According to his research, the more potassium applied, the more grey snow mould would appear.

The less annual bluegrass present in a cool climate setting, the less pesticides will be needed. Annual bluegrass is still present on the greens being studied at Bethpage State Park, having adapted to the type of management being supplied. Rossi said his research suggested that would never happen.

Even though the state of New York has been in bad financial shape in recent years, it has continued to fund the research project with an annual injection of $75,000. The state estimates it is saving $100,000 a year by not using as much costly product.

Regarding sustainability, Rossi said a golf course cannot be sustained if the greens die and golfers don’t come out to play. Sustainability is also about meeting both the social and economic needs of the golf course.

“I believe that actually intervening is a more sustainable approach because it helps you reach your goal of keeping that golf course open for the golfers.”

Rossi said he has figured out over time how to select the least toxic option and use it on a regular basis to reduce overall reliance and reduce pesticide use. If something can be cut in half over a 40-acre area, it represents a significant savings when dealing with fairways. He warned, however, that one can’t skimp on greens.

“Golfers can be more forgiving about the quality of their fairways, but not their greens.”

He said he can’t understand why tees must be cut so low when golfers are routinely using big-headed drivers with the ball teed up well above the ground. Tees cut at three-eighths of an inch will require more maintenance than those cut at one-half or three-quarters of an inch, he said.

According to a survey among golfers, the number of those who want pesticides used on golf courses “no matter what” has increased while the number of those who think they should be used more judiciously has decreased.

“As economics has hit the golf business, this is the one part of their life they’re not willing to sacrifice. They want high-quality conditions.”
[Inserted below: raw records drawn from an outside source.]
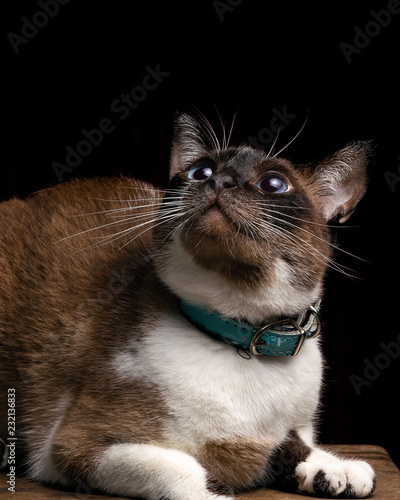 White With Brown Fluffy Cat On Blue Background Stock Photo
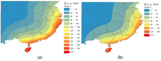 The obtained results are presented in Figure 11. The results indicate that the obtained values for Case 1 are greater than those for Case 2. The ratio of the former to the latter is about 1.6, which is consistent with that observed in Figure 10 for Guangzhou. However, this is greater than that inferred from Figure 9 (i.e., I0(r)), which is about 1.4. This discrepancy may be explained by noting that the standard deviation of the residual for Case 1 is about twice that for Case 2. The standard deviation also affects the estimated extreme value of the accumulated rain hazard.
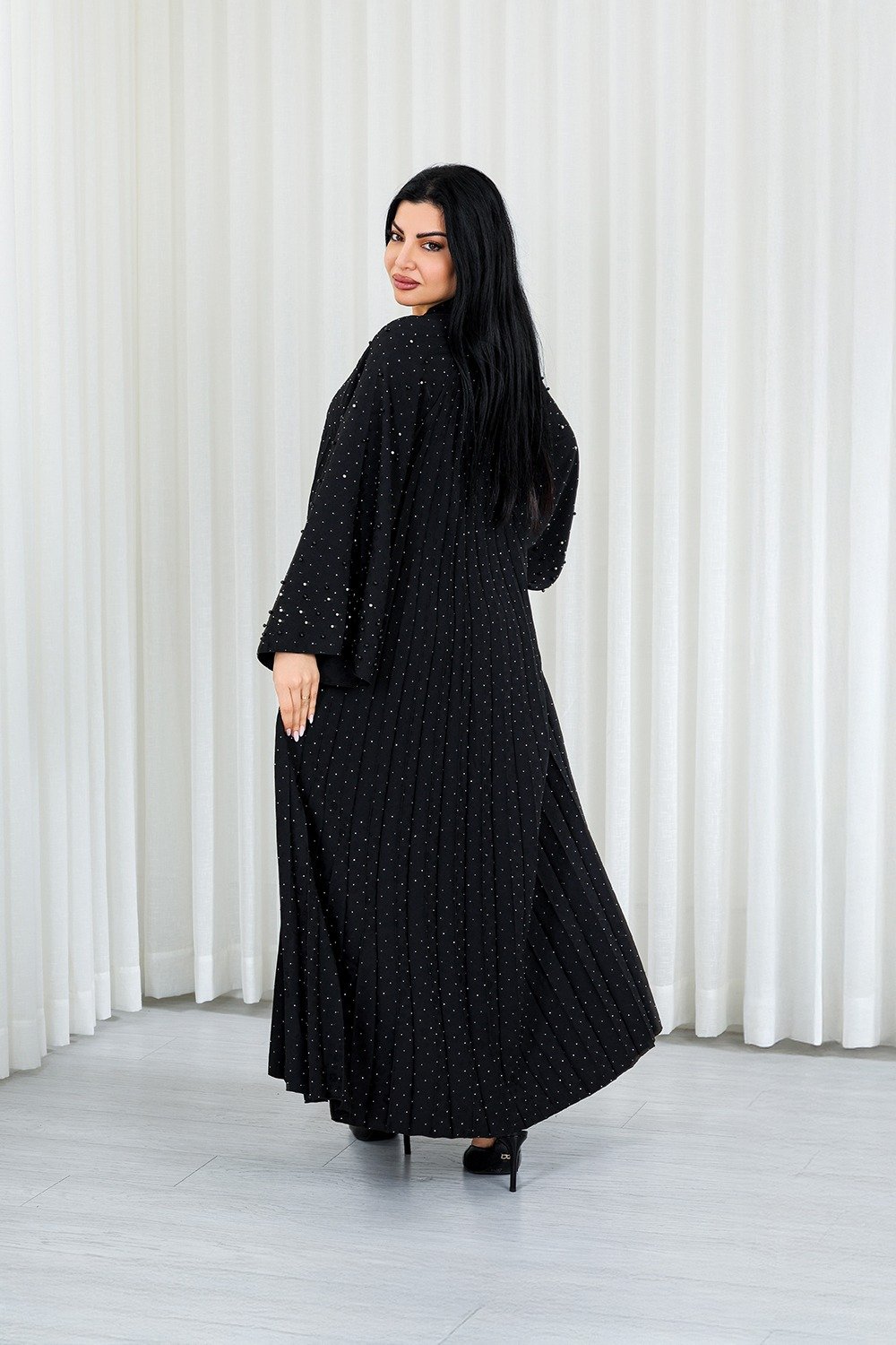 جلابية قماش بطول يصل للكاحل بياقة قصيرة بنهايات أكمام واسعة مزينة باللؤلؤ البراق
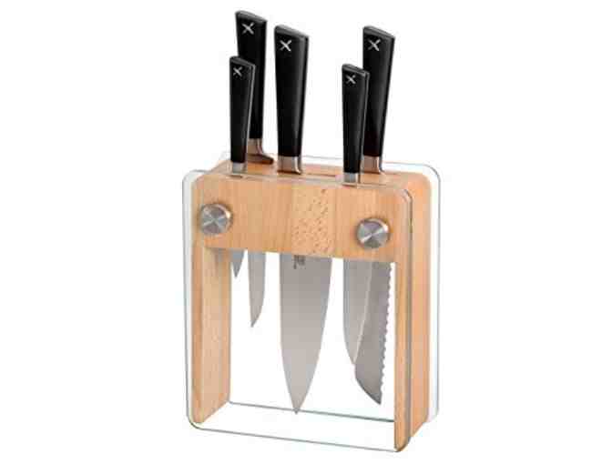 Spruce up your kitchen decor! Get this beautifully crafted knife block with 6 fully forged knives! Glass see-through windows makes it easy to find the right knife. Full-tang, triple-riveted Delrin handles offer exceptional grip, won't break down when exposed to oil, and withstands all temperatures.

Rossi said there are groups of non-golfers who believe the game is a scourge of society, and they will never be satisfied, no matter what the industry does. Policy makers tend to listen to the people who scream the loudest, he said.

“We have to continue to educate them. Don’t wait until there are laws we don’t like.”

The cost of controlling a pest per day can vary, depending on the situation. A high-rate material which is inexpensive may offer seven to 10 days of control while another material at a low rate may give 21 days of control. Understanding the difference in cost-per-day control allows golf courses to become economically sustainable.

There is still a lot more to be learned about pesticide reduction, Rossi said.